First things first, it shouldn’t be called HTML at all. Initially it wasn’t, but it was decided later version of HTML (from version two and up) would become an application of SGML. This is where it gets its naming problems, it should not have the ML suffix, as it isn’t a markup language! It’s an application of SGML, which means it should’ve been named along the lines of RSS (which is an application of XML, but we’ll get onto that later), not with the ML suffix.

Of course, if everyone realised the fault with HTML and then named all their other application of SGML differently, then it would be fine. But by using the ML suffix, it has created a whole bucket load of confusion. For example, while applications such as RSS, Atom and SOAP have gotten the right idea, all too commonly you see incorrectly name applications such as MathML. What MathML should be called is XMath. Prefixing X onto the beginning of your application name seems to be quite popular at the moment, and its perfectly correct!

It should be noted that I’m not bashing Tim Berners-Lee here, he’s openly admitted to his mistake in calling it HTML. I’m just trying to highlight some little known mistakes.

SGML and all that rubbish

The people who created SGML had good intentions. They wanted an open metalanguage in which people could define markup language for documents, and thats what they created. However, they made a few minor mistakes, and one major mistake that ensured that SGML had no killer application until HTML, years after SGML’s release.

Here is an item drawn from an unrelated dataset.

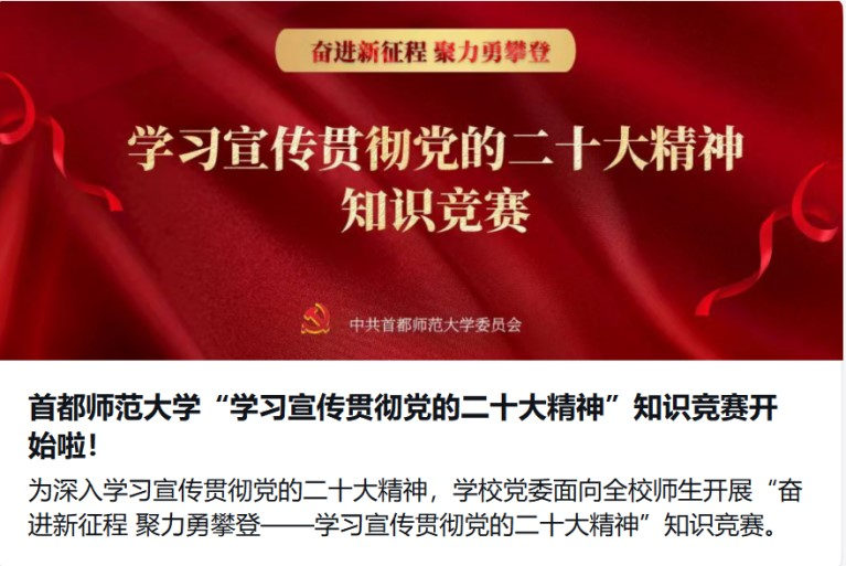 自党的二十大召开以来,首都师范大学坚持将学习宣传贯彻党的二十大精神作为首要政治任务,精心谋划部署,扎实有力推进,努力做到规定动作到位、自选动作出彩,以多种形式推动学习宣传贯彻党的二十大精神落地见效。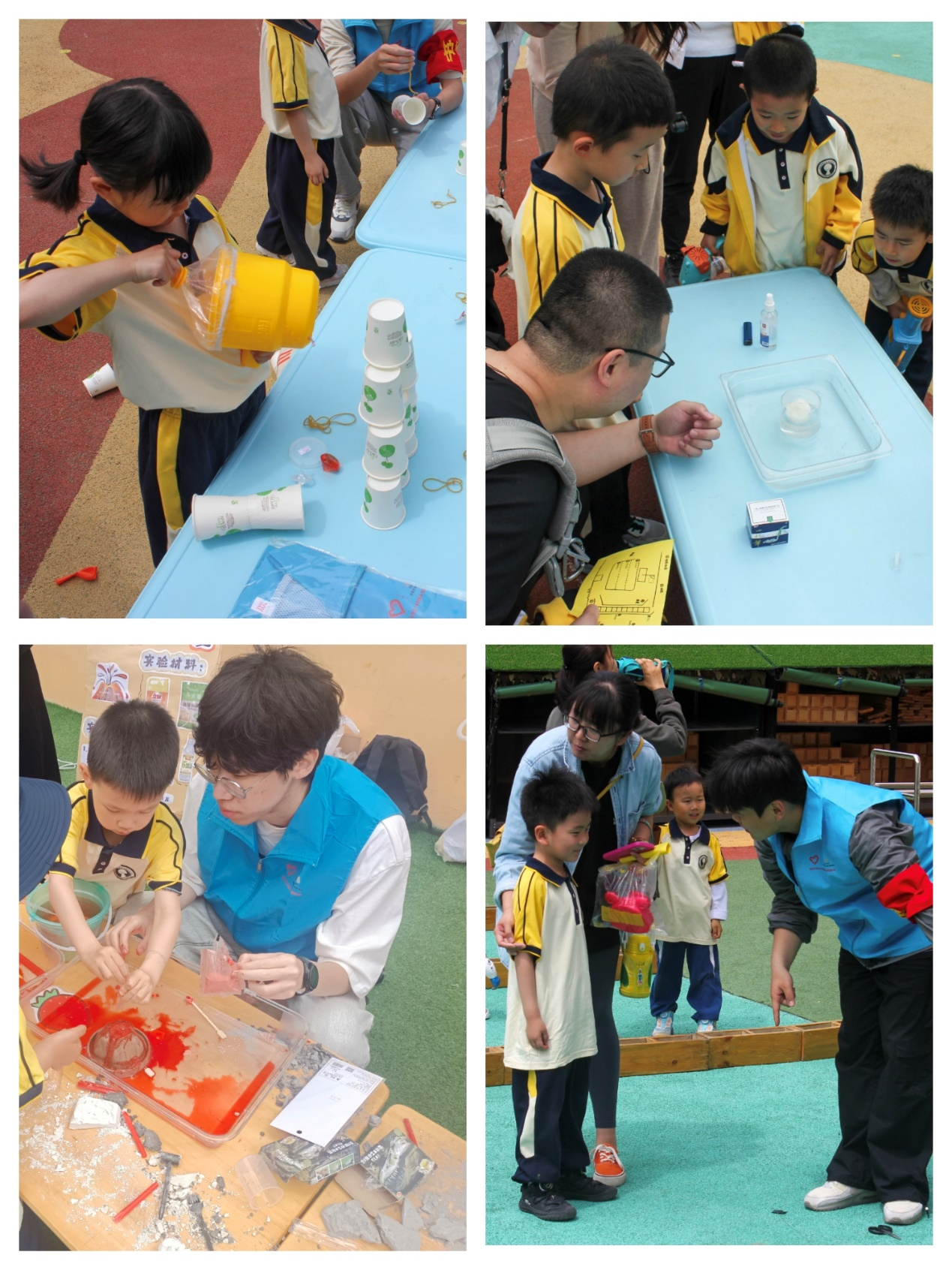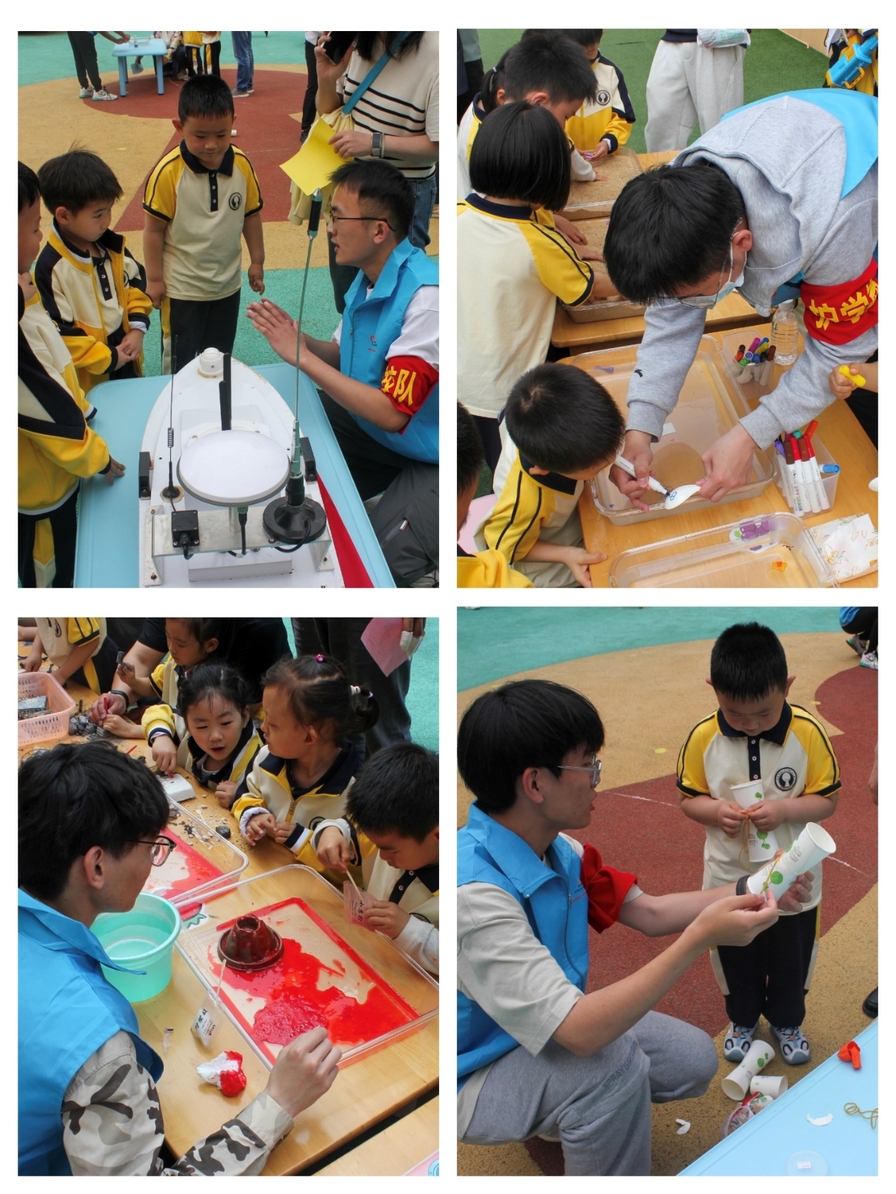 青苗科技创新团队成员的志愿者们在学院教师的精心组织下,小朋友们井然有序地排队参观了一系列充满科技魅力的项目。他们首先参观了无人艇模型,随后进行了空气炮实验,接着又动手制作了纸杯飞机,体验了蜡烛吸水等科学小实验。在这一系列活动中,志愿者们耐心细致地为小朋友们讲解了其中的科学原理和知识,包括无人艇的精巧构造和工作原理,空气炮的内部结构以及运作机制,气体热胀冷缩的自然规律。每个小实验都引发了小朋友们浓厚的兴趣,他们聚精会神地观察实验现象,动手进行实践操作,并积极向志愿者们提出自己的疑问。现场氛围既热烈又活泼,充满了孩子们对科学知识的渴望和探索精神。

You probably know that one of the most obvious differences between HTML and XHTML is that in HTML, some elements can have omittable end tags. For example, the following code is perfectly fine HTML, even though I’ve missed several closing tags.

<p>This is a paragraph
<p>This is another paragraph

<ul> <li>This is a list item <li>This is another list item </ul>

Apart from the closing </ul> tag, all the other elements need not be closed. You might say that its obvious where an element ends, just before the beginning of the next element, so there is no need for a closing tag for every element. However, there are situations where ambiguity rises and what happens then? Your SGML parser is screwed! Actually, you should technically never fall into this category if you follow the SGML bible; it specifies that you can omit end tags as long as it doesn’t lead to ambiguity. I’m sorry, but that is just fucking ridiculous! Any benefits of saving storage space is completely killed when you try to write a SGML parser. Anyone who has written a compiler before will tell you that having optionally omittable end tags makes writing a parser a horribly complicated task. I won’t go into the details, but that is one of the main reasons why SGML parsers were still cost over five figures in the late eighties.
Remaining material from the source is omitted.